Heres hoping for some deep sleep, pleasant dreams, and waking up refreshed at a decent but early hour.
With sweet love from Spain on a tired and lonely Easter.

Saturday, March 22, 2008

that sweet city, she is a temptress too



In: a tapas bar in Barcelona, Spain.

Enchantress and temptress, her beauty lures me and I feel pressure to do things when I should just go to bed.
Sure, it's no wonder I'm feeling sick, as I haven't really slept in three days. PS, it is 7 degrees celcius here, and I'm wearing as much as i have to stay warm, but am freezing! I've fluffed my scarf up as much as possible, and bought some sore throat tablets from a farmacia, and am thinking it can't be all that cold, but I haven't been able to get warm. I don't really know how cold 7 degrees is, probably not even that cold, but it sure feels it. All combined with not sleeping, and being forced to be flexible--and reap the rewards--and also the consequences, has made my entire body ache and or hurt.
Um, PS, I feel a little bit like prey tonight, as I sit here at this Tapas bar, finally after much walking and seeing and being lost in the cold and wet. It's as if the whole wait staff is rooting for ONE of them to pick me up. I don't appreciate their forwardness, and it is almost midnight already, and I have a 7am wake up call. Since the bus comes only once every 30 minutes, it could take me snf hour to get back to my hotel, so no, I will not let you buy me a beer at the next bar Mohammed from Pakistan. I'm obviously not Spanish (I do not have bangs like every other one, and talk to me for more than a moment, and you'll hear that I'm not) but come on, I'm not your target, and you're not my type. At the airport today, they kept asking if I wanted them to speak in French, apparently I looked very French today. Fine by me, I'd rather look French while in Europe than American. And the French are known for style. Thank you lost equipaje counter man, now if you could only have worked quicker with the people before me.
Sangria and the warmth of being inside, and my tasty patatas bravas, are all taking affect, along with my 4:30am wake up call and very long day of travelling, and I am ready to already be back at my hotel, wash my face, brush my dientes, and hit my cama-- like WHOA.
It's now midnight. It is Easter Sunday. Praise the Lord for His Son who rose today and made it possible for me to know the peace that is Jesus and His blessed salvation. Amen.

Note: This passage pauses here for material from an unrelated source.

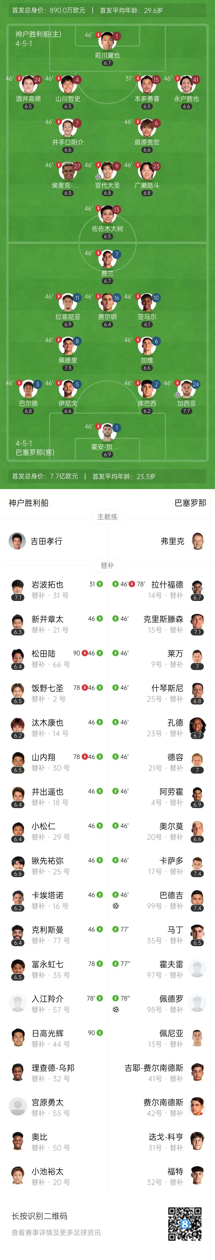 全场比赛结束,神户胜利船1-3巴塞罗那。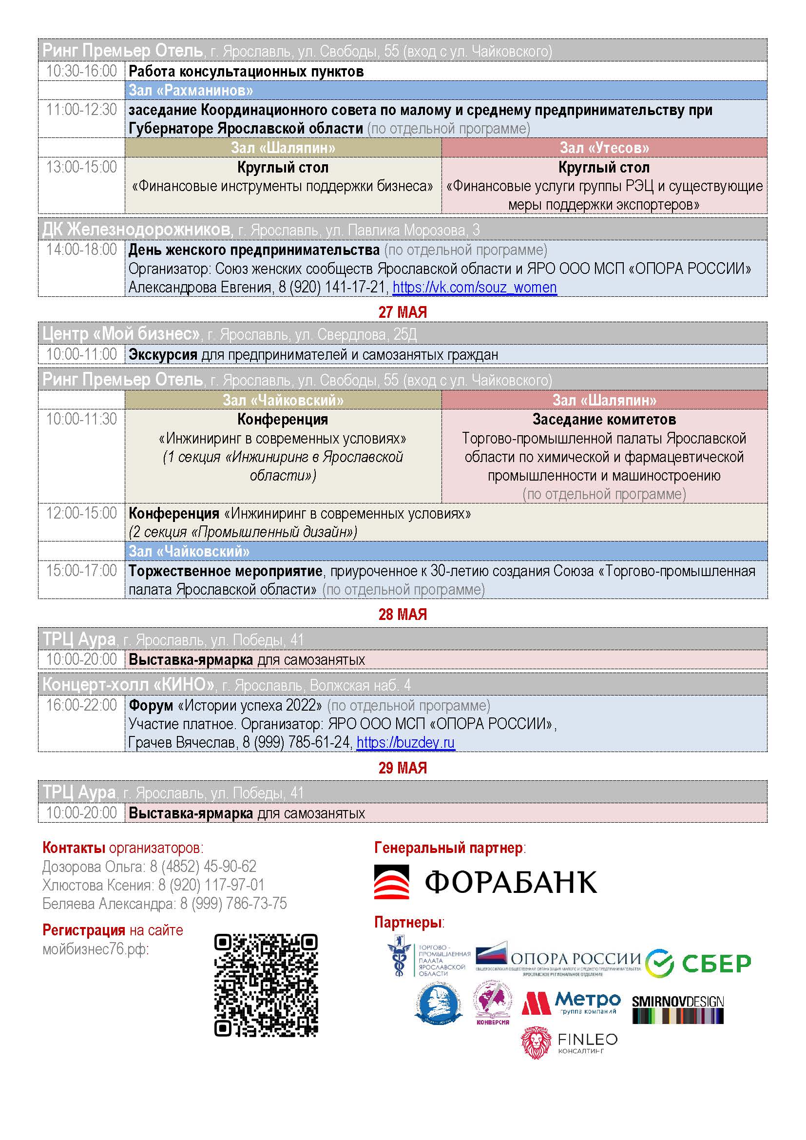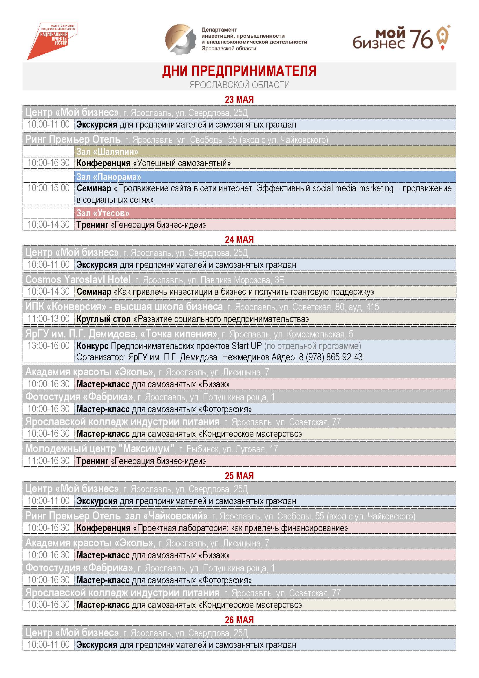 В рамках реализации национального проекта «Малое и среднее предпринимательство и поддержка индивидуальной предпринимательской инициативы» департаментом инвестиций, промышленности и внешнеэкономической деятельности Ярославской области с 23 по 29 мая 2022 года запланировано проведение Дней предпринимателя Ярославской области, включающих в себя более 20 мероприятий для субъектов малого и среднего предпринимательства, в том числе социальных и экспортно ориентированных предприятий, а также самозанятых граждан региона. Регистрация на мероприятия осуществляется на сайте Центра «Мой бизнес» Ярославской области в календарном плане мероприятий по ссылке: https://мойбизнес76.рф/events. Телефон для справок: 8 (4852) 594-754. ![]()

Pues, aqui estoy en Barcelona

unas de las cuidads cuales tienen mi corazon mas de todas.

Too much drama at the airport today, courtesy of TAP, Air Portugal, NO thank you very much, but for all my troubles, and a freaking lot of wating today, I recieve a night in Barcelona on them. Whoohoo!!
Here is my short to-do list: (which is more like a to eat list, but it's night, so I can't go see places really)

Patatas Bravas
Churros con Chocolate de Cafe de L'Opera
Sangria
Passeig de Gracia
La Sagrada Familia (I need to at least see something Gaudi, and see if I can tell what's changed in a year)

I am le tired, but I cannot waste this time in Barcelona with a nap! A hot shower and get some bearings, and then it's into the city I go.

Friday, March 14, 2008

Love from Bilbao



After long flights, --my seatmate on the flight from SFO to Heathrow, an overly chatty Englishman, insisted on helping me crossword, and wouldn't let it go unfinihsed, grr-- a few hiccups and an uncompromising and unpleasant customs agent, I made it to Bilbao, and was so glad to see Shi outside the Airport. We went out to a club in Bilbao with Erasmus kids and dance dance danced, and met all of Sheila's friends (nice kids). Home late, passed out, woke up in the middle of the day. traveling + Jetlag + shots + dancing till 3am = exhaustion, and sleeping the day away.
We're off to see Bilbao and then get Pinchos with some other San Francisco kids and then leave for the sunny coast of the Algarve tomorrow morning. Another whole day in varois airports before getting to relax poolside, but at this point, eh, whats another? Off to walk!